Он снова было заколебался, но тут же решительно обернулся к взрослому.
— Ты только не говори никому. Она там с сыном жила, бабушка. Фамилия у нее смешная немного — Стрижак. А сына ее звали Устин Осипович, он родной брат моего бати, которого на германской убили. Так вот, значит, был дядя — главный большевик в Долгой, ну, может, не самый главный, но все же…
— Почему же «был»? — спросил Лебединский.
— Его не раз в тюрьму, дядю, прятали… Давно еще. И теперь не пощадят. Может, даже убили совсем. Раз Советской власти нету. Так бабушка говорит.
— А чего ж он не уехал из Долгой, дядя? Опасно ведь было.

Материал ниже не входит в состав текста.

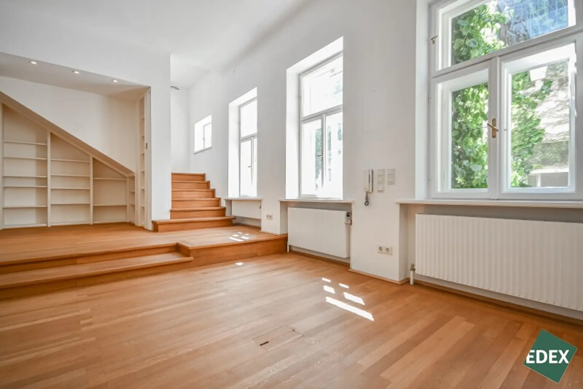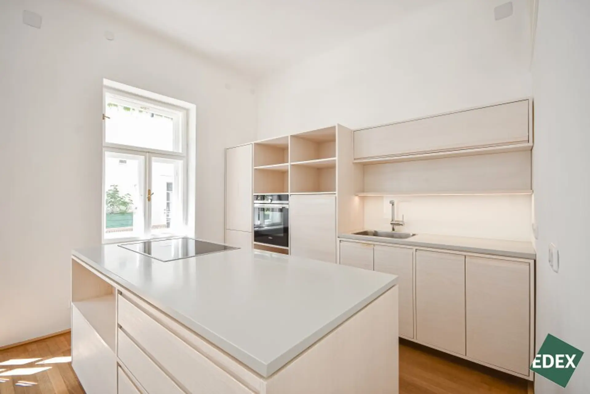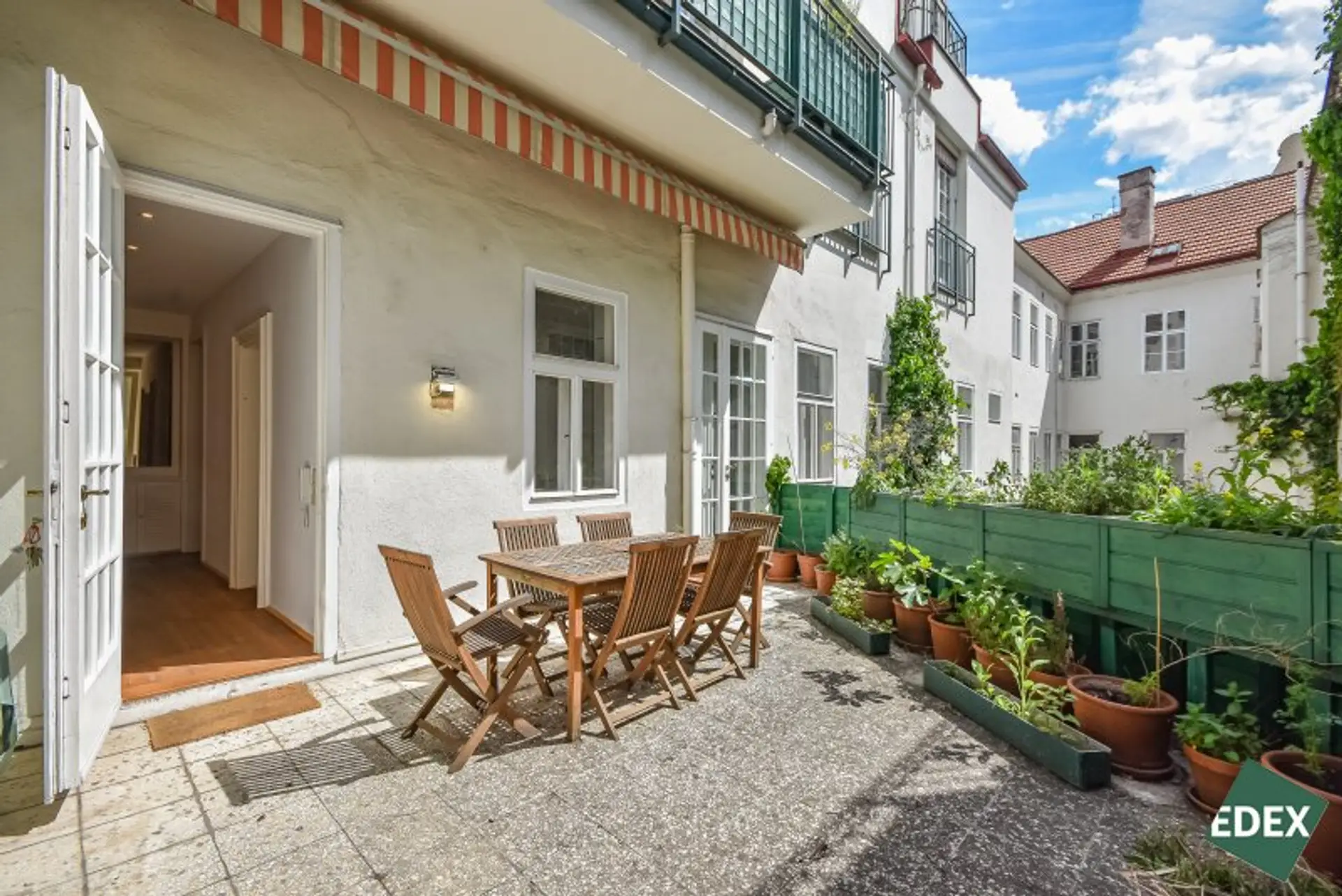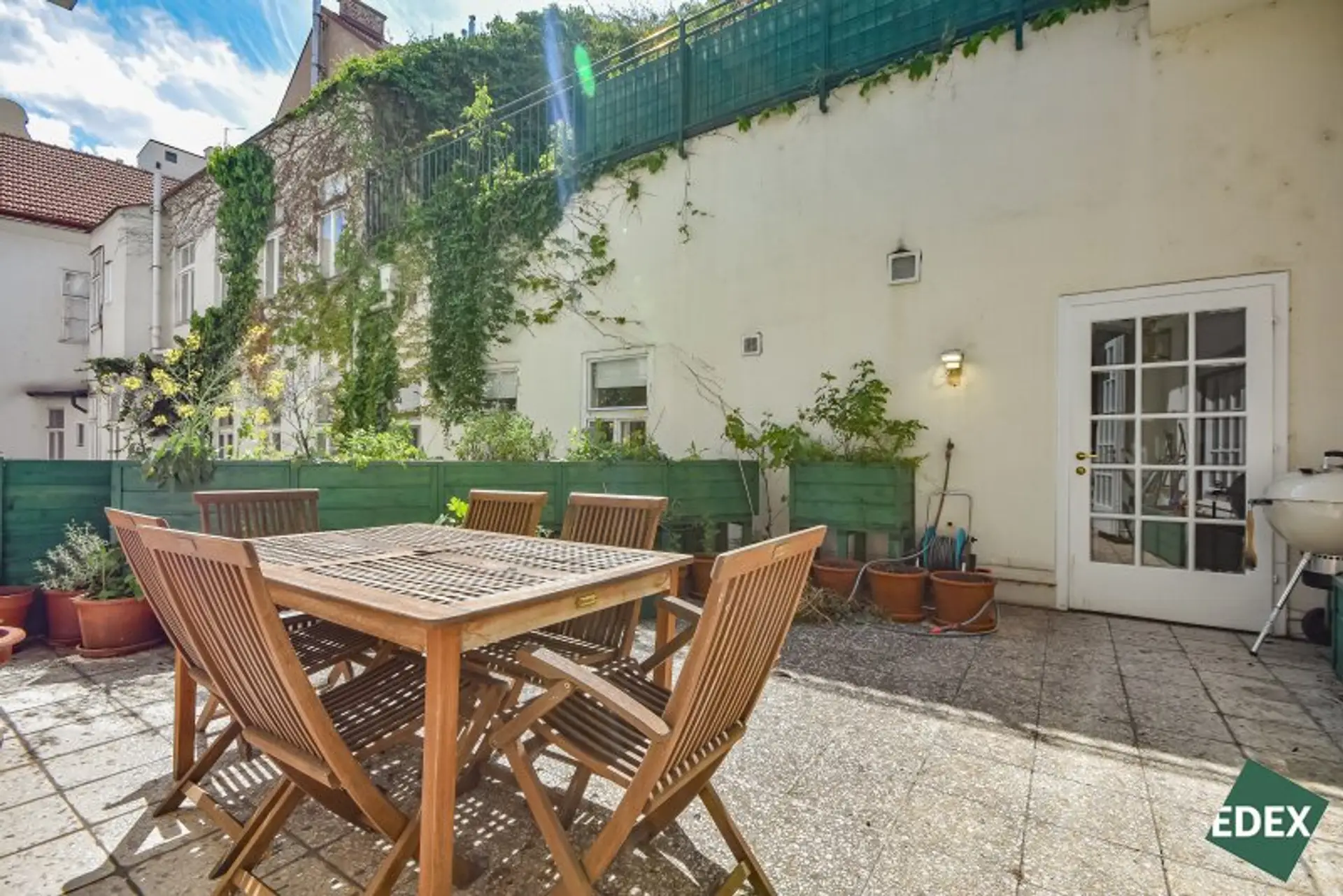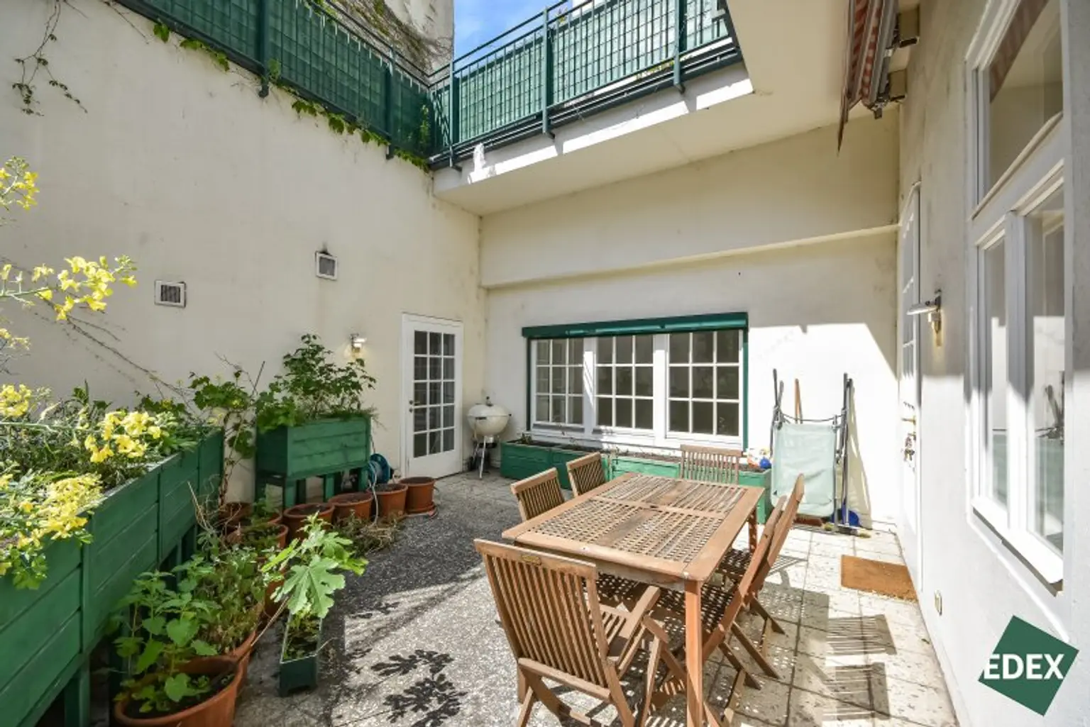 Die ca. 121 m² große Wohnung befindet sich im 1.Stock (ohne Lift) eines Altbaus auf der Neulerchenfelder Straße nahe der Josefstädter Straße im 16. Wiener Gemeindebezirk. Die Wohnung verfügt über einen großen Vorraum mit Einbaukästen und einer Gardarobe, eine separate Gäste-Toilette direkt am Eingang und ein Badezimmer mit Badewanne, Dusche, Doppelwaschbecken und einer weiteren Toilette. Im linken Abschnitt der Wohnung befindet sich ein Schlafzimmer, ein großer Schrankraum mit einem begehbarem Kleiderschrank und einem Wirtschaftsraum mit Waschmaschinen-Anschluss, Spüle, zwei Herdplatten und Einbaukästen die für zusätzlichen Stauraum sorgen. Im rechten Teil der Wohnung befindet sich eine große Wohnküche mit moderner Ausstattung (Kochinsel, Herd, Ofen, Kühlschrank, Geschrirrspüler), welche neben dem Vorrraum ebenfalls Zugang zur Terrasse bietet. Hinter der Küche befindet sich das große Wohnzimmer, in dem sich ein Kamin befindet. Geheizt wird mit einer Gasetagenheizung. Die gesamte Wohnung ist in den ruhigen und begrünten Innenhof ausgerichtet.

— Конечно, опасно. Но большевики, они — из камня народ.
— Откуда знаешь?
— Дядя Устин сказывал, а он никогда не врет. И батя всегда правду говорил — и маме, и людям, и мне.
Добавил уныло:
— Кабы отец живой — совсем иное дело… да-а… царство ему небесное…
— В бога веришь?
— Как бы да и как бы нет, — косясь на взрослого, пробормотал мальчик. — То, бывает, как бы есть бог, а то ясно, что нет его, черта!

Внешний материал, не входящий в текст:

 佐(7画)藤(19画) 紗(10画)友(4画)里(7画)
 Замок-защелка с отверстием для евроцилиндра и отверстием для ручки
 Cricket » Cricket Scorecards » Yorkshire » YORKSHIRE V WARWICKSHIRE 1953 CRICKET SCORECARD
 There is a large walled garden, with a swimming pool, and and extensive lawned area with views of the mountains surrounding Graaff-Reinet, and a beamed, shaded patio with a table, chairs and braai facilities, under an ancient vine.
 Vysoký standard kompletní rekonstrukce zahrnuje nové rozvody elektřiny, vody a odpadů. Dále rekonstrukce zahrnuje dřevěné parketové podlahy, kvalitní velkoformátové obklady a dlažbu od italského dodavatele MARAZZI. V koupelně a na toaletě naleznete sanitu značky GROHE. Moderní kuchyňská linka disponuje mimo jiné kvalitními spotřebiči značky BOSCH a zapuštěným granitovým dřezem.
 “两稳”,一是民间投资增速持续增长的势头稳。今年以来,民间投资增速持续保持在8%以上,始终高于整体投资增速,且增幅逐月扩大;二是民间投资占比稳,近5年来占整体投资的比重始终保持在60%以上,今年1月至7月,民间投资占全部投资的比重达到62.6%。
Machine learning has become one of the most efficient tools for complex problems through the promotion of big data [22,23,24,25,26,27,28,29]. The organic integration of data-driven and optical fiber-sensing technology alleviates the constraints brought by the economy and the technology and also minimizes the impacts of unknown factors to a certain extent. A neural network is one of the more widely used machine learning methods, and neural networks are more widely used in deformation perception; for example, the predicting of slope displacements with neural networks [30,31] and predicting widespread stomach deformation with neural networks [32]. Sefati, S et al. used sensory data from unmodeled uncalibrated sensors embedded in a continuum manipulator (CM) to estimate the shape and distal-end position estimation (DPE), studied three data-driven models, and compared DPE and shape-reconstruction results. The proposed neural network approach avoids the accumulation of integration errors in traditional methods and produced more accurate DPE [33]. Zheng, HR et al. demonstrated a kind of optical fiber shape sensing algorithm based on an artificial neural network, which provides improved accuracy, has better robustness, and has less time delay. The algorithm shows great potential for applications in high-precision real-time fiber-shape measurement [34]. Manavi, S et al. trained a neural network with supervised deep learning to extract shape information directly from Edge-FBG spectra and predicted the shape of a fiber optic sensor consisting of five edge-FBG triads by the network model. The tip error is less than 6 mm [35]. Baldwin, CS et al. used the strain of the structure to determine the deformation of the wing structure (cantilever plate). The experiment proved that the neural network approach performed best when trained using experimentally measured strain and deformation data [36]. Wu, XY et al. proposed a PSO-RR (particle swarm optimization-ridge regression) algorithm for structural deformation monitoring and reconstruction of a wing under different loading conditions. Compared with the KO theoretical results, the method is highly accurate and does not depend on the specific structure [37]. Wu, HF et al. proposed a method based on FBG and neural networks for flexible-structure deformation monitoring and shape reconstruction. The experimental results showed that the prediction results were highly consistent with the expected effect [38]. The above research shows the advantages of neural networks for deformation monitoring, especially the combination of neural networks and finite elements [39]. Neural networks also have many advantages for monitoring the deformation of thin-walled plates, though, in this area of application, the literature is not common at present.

Данила явно хитрил, не зная, кто перед ним, и не желая попасть впросак.
Лебединский, чему-то улыбаясь, спросил:
— А отчего же, брат Данила, отец твой — Морошкин, а родной дядя Стрижак? Это девушки фамилию меняют, когда замуж идут, а мужики никогда не меняют.
Мальчишка весело покрутил головой.
— Подловил ты меня, дядя Дионисий. Даже не знаю, чо сказать…
— А ты скажи, как есть. Я тайны храню.
— Ну, коли хранишь, скажу. Папаня мой — тоже Стрижак, а Морошкины — это мамина фамилия. Мы под ней теперь живем, чтоб белые не тиранили.
Добавил звенящим ломким голосом:
— Он ведь, как дядя, большевик был, папаня мой дорогой.
Лебединский, услышав, как дрогнул голос мальчишки, покосился на него, увидел в глазах слезы и поспешил сменить разговор.
— Ты что при Советской власти делал? Учился?
Данила как бы случайно провел рукавом по глазам, утирая их, отозвался почти безмятежно:
— Ага. Хорошо учился. Я ловкий.
— Э-э, брат, да ты еще и бахвал…
— Нет, право, ловкий. Задачки раньше всех решал.
Несколько минут шли молча. Мальчишка вдруг остановился, указал на дом впереди.
— Вон видишь железную крышу? Это и есть Хухарева.
Они подошли ближе, и Лебединский с интересом поглядел на старинный рубленый дом с двускатной, несомненно, более поздней, чем самое строение, крышей. Высокая кровля сильно выдавалась за стены, вероятно, для того, чтобы защитить от дождя их могучие бревна. Весь фасад красовался в резном наряде, особо — наличники окон. Окна по ночам, как видно, прикрывались двустворчатыми ставнями, каждая из одной доски. Днем ставни удерживались крючками.